No longer can brands rely on the loyal, regular and rational customer; in fact, products are likely to be bought by a disloyal, irregular and emotional customer. Pip Hainsworth, guest speaker at Continental Outdoor Media’s first Continental Conversations function, says essentially, “companies need to totally rethink their marketing strategies”.
“Because of the changed understanding of the consumer in recent years, there has been a concerted effort to uncover a more in-depth and robust picture of customers,” said Hainsworth at the event.
Hainsworth, who hails from the UK and who is considered a marketing guru in the outdoor media sector (stemming from her time at Clear Channel), highlighted the trailblazing research on consumer habits conducted by The Institute of Practitioners in Advertising.
“It was found, from the institute’s study, that across hundreds of brands and sectors, the importance of emotionally-charged advertising outweighed that of appealing to the consumer’s logical and rational mind. So for instance, advertising price offers won’t really cut it in terms of hooking your customer,” she said.
Interestingly, the fame model is the most effective emotional strategy of all. Making your brand famous in its category can lead to big profit gains.
“Human beings employ rules of thumb when faced with a plethora of choice, and these can include price, familiarity, fame and social proof. People will choose a brand that they have heard of, that is famous, or that their friends recommend,” Hainsworth asserted.
Barry Sayer, CEO of Continental Outdoor Media, expanded Hainsworth’s sentiments by illustrating how marketers are not only intent on understanding their customers – the sometimes irrational and emotional way they make their choices and the surge of reactions if a brand gets something wrong – but also how they live their lives and make their choices.
“We are seeing how campaigns are often multi-dimensional, multi-sensory and holistic, with a continuing conversational brand presence, rather than the peaks and troughs of yesteryear,” said Sayer.
Added Hainsworth: “For brands to be truly differentiated, they have to go beyond traditional ratings tools and rather delve deep into the psyches of consumers.”

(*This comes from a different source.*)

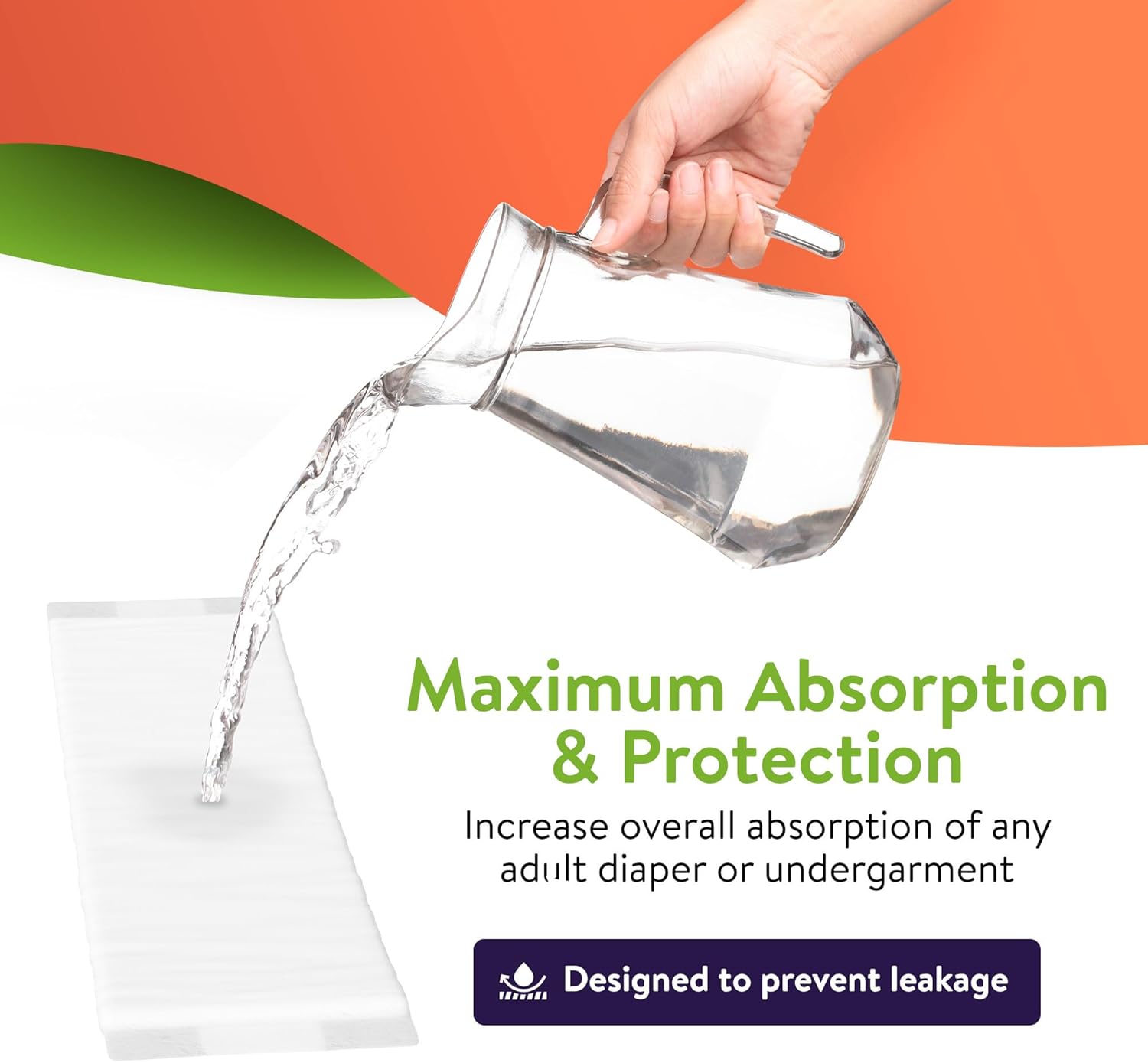 Adhesive Strip Keeps Pad In Place - Simple To Use: Simply Peel Off Adhesive Strip On Back Of Diaper Liner And Secure To The Inside Of The Diaper Or Pull Up And Transform Any Diaper In To A Super Diaper - Overnight Incontinence Pads For Women And Men

‘Psychographic’ variables, as they are known in consumer research, are attributes relating to personality, values, attitude, interests and lifestyles. It expands on ‘demographic’ variables like age and gender or behavioural variables such as usage rate.
“These kind of ‘psychographic’ variables may be helpful to marketers in reaching a more aware, empowered and often skeptical consumer. Brands are thus moving towards developing closer relationships with their customers and to understand them as real people,” she said.

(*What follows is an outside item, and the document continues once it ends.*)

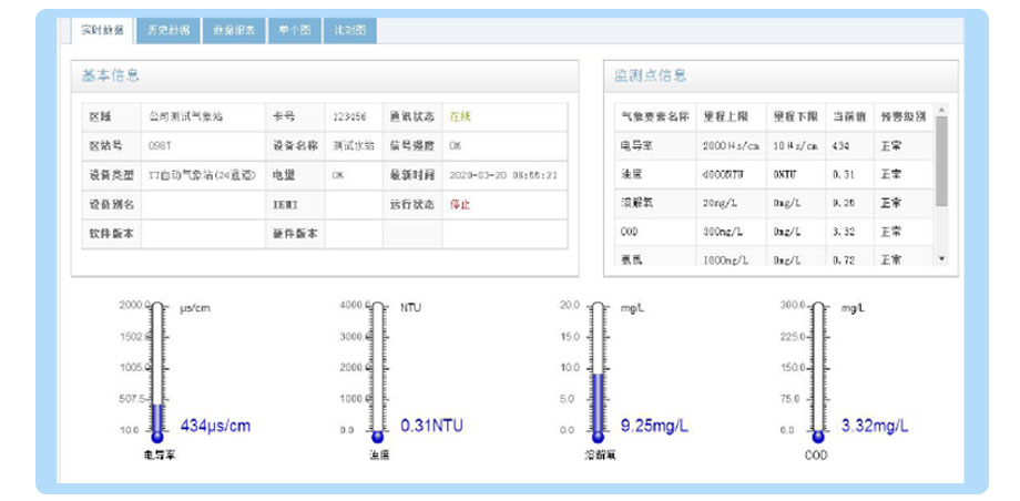 環(huán)境監(jiān)測云平臺可查看通訊卡卡號、儀器與平臺的通訊狀態(tài)、信號強(qiáng)度、儀器電量等功能

Hainsworth used the example of Unilever, which she said was a company that supports its brands with excellent marketing and multi-channel communication. “Companies increasingly have to be engaged with their customers at all hours, often must think globally as well as locally, and have to be involved from the board down, in being clear about the company’s purpose, in engaging with consumers, embracing technology and in extracting maximum value from data.
“It is no wonder that we have seen a large number of company restructures, at Sony, P&G, News International and Yahoo, among others, as chief executives position their businesses to be more flexible, fast and innovative for the future, because it will come down to survival of the fittest.”